Les acides gras polyinsaturés sont synthétisés à partir d’homologues insaturés et mono- insaturés. La double liaison est introduite par une oxydoréductase appelée acide gras désaturase. Celle-ci introduit une double liaison C=C dans la chaîne carbonée d'un acide gras par déshydrogénation. Ces enzymes sont désignées par la position delta de l'atome de carbone concerné par la désaturation. Il existe plusieurs désaturases, chacune introduisant une double liaison dans une position donnée. La Δ9-désaturase permet de transformer l'acide stéarique, saturé, en acide oléique, mono-insaturé (oméga-9) en introduisant une double liaison entre les carbones 9 et 10. La Δ12-désaturase transforme l’acide oléique en acide linoléique, bi-insaturé (oméga-6) en introduisant une double liaison entre les carbones 12 et 13. La Δ15-désaturase transforme l'acide linoléique en acide α-linolénique, tri-insaturé (oméga-3) en introduisant une double liaison entre les carbones 15 et 16. Les Δ12- et Δ13-désaturases n’existent pas dans le règne animal. La Δ6-désaturase transforme l'acide linoléique en acide γ-linolénique en introduisant une double liaison entre les carbones 6 et 7. La Δ5-désaturase transforme l'acide dihomoγ-linolénique en acide arachidonique en introduisant une double liaison entre les carbones 5 et 6. L’acide arachidonique est le précurseur des éïcosanoïdes. Les Δ6- et Δ5- désaturases sont présentes chez les mammifères. En association avec des élongases, qui assurent l'allongement de la chaîne carbonée, ces enzymes permettent la biosynthèse de nombreux acides gras polyinsaturés de type oméga-6 et oméga-3. Il existe également une Δ4-désaturase mais la biosynthèse de l'acide docosahexaénoïque semble plutôt dépendre de la Δ6-désaturase (élongation-désaturation d'une chaîne à 24 atomes de carbone, raccourcie ensuite à 22 par bêta- oxydation).
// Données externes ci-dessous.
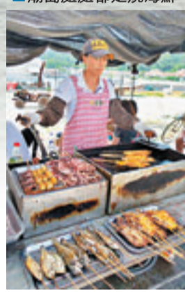
廟島處處都是燒海鮮

然後，你會看到島上有廟宇，這就是廟島，你可下船參觀。島上有座千年媽祖廟，你可領略媽祖護海的神奇魅力，親身體驗顯應宮890年的歷史文化積澱。廟島始建於北宋宣和四年（公元1122年），是中國北方修建最早、規模最大、影響最廣的媽祖廟，也是世界重要的媽祖官廟之一，享「天妃北庭」、「北海神鄉」之美譽。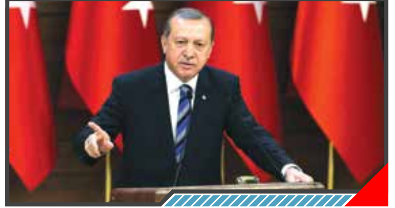
أردوغان: لن نسمح إطلاقاً بإنشاء دولة جديدة تتماهي سوريا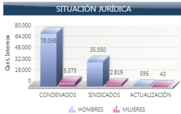
Figura 2. Situación Jurídica de la Población Carcelaria en Colombia al 29 de octubre de 2018

población carcelaria actual que se encuentra privada de la libertad sin tener una condena en firme en su contra.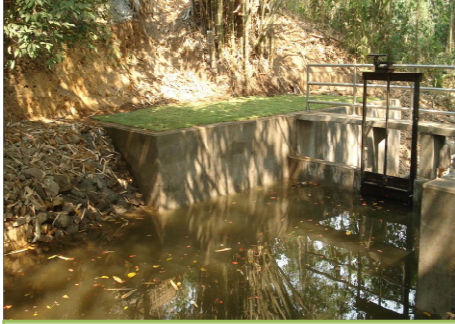
จัดสร้างฝายท่อน้ำ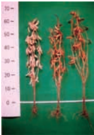
「フクユタカ」(左)、「クロダマル」(中央)、「新丹波黒」(右)の草姿 (18ページ参照)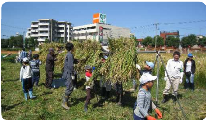
稲のハサ掛けを行う子どもたち

今年は、田んぼにクログワイと呼ばれる雑草が繁殖し、それに加えてスズメに食べられてしまい、収穫量が気になるところです。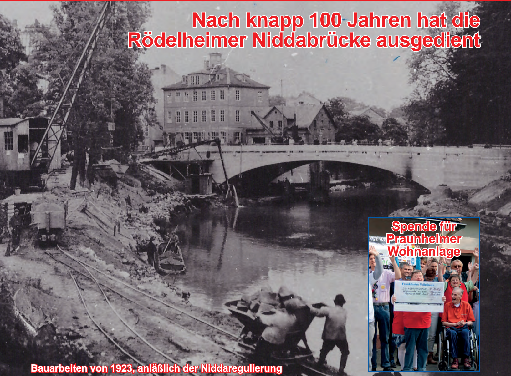
Bauarbeiten von 1923, anlässlich der Niddaregulierung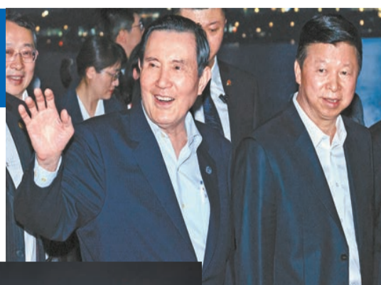
抵深當晚，馬英九在宋濤（右）等陪同下到深圳人才公園觀看無人機表演。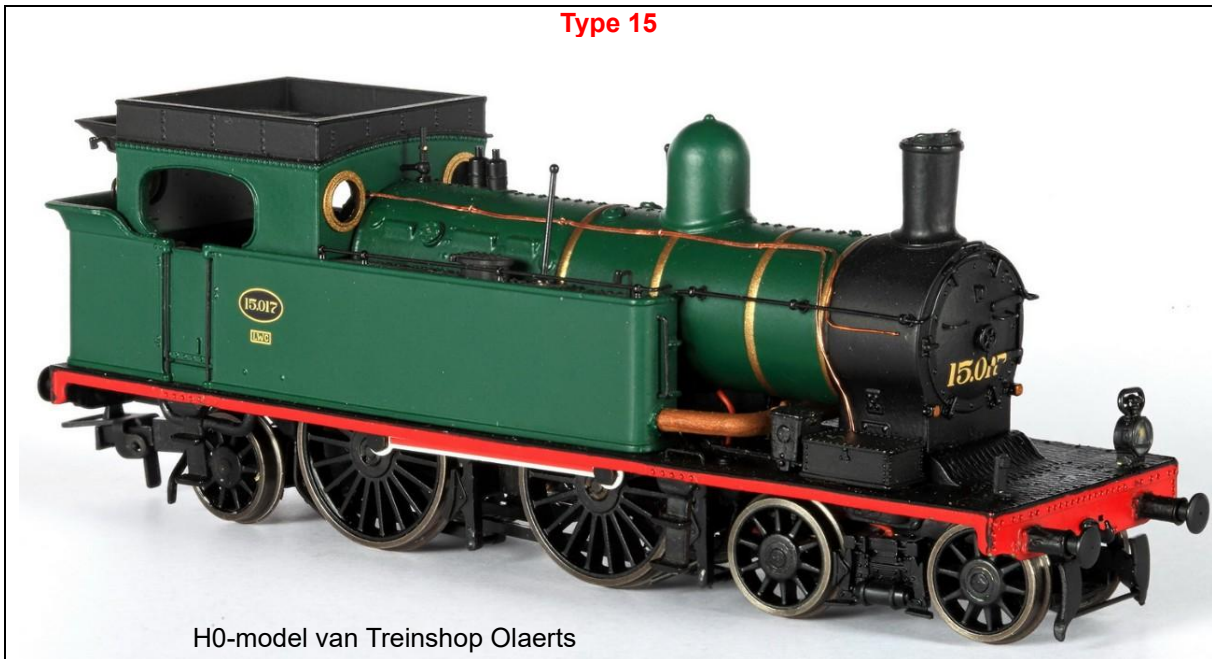
H0-model van Treinshop Olaerts

1.3.3.Origine extra-cérébrale des acides gras

Le système nerveux central ne peut élaborer que 60 % environ de ses acides gras, le reste étant apporté par voie exogène via la circulation sanguine [183].

Transport d’acides gras non essentiels.

Les acides palmitique et stéarique plasmatiques captés par le système nerveux central à partir de la circulation sanguine sont par la suite intégrés au niveau des structures nerveuses tels que la myéline, les synaptosomes, les membranes des neurones et des astrocytes [184], [185]. L’acide stéarique peut être incorporé tel quel dans les membranes (au sein de phospholipides ou de sphingolipides) ou bien métabolisé in situ (allongement de chaînes ou synthèse de chaînes plus courtes à partir d’éléments du catabolisme). La relation sang-cerveau pour l’acide stéarique varie au cours du développement cérébral. La captation des acides gras est majorée en période de myélinisation et de multiplication gliale.

Transport d’acides gras essentiels.

La position β des phospholipides est généralement occupée par un acide gras polyinsaturé, généralement le 20:4ω6, le 22:5ω3 et le 22:6ω3. Ces acides proviennent tels quels de la circulation plasmatique ou bien sont dérivés des acides gras essentiels linoléique et linolénique après allongement et désaturation. Une carence en acides gras essentiels provoquera des anomalies au cours du développement cérébral, période où le besoin est particulièrement important [186]. Le tissu nerveux compensera partiellement ce déficit en synthétisant des acides gras polyinsaturés en ω9 [187].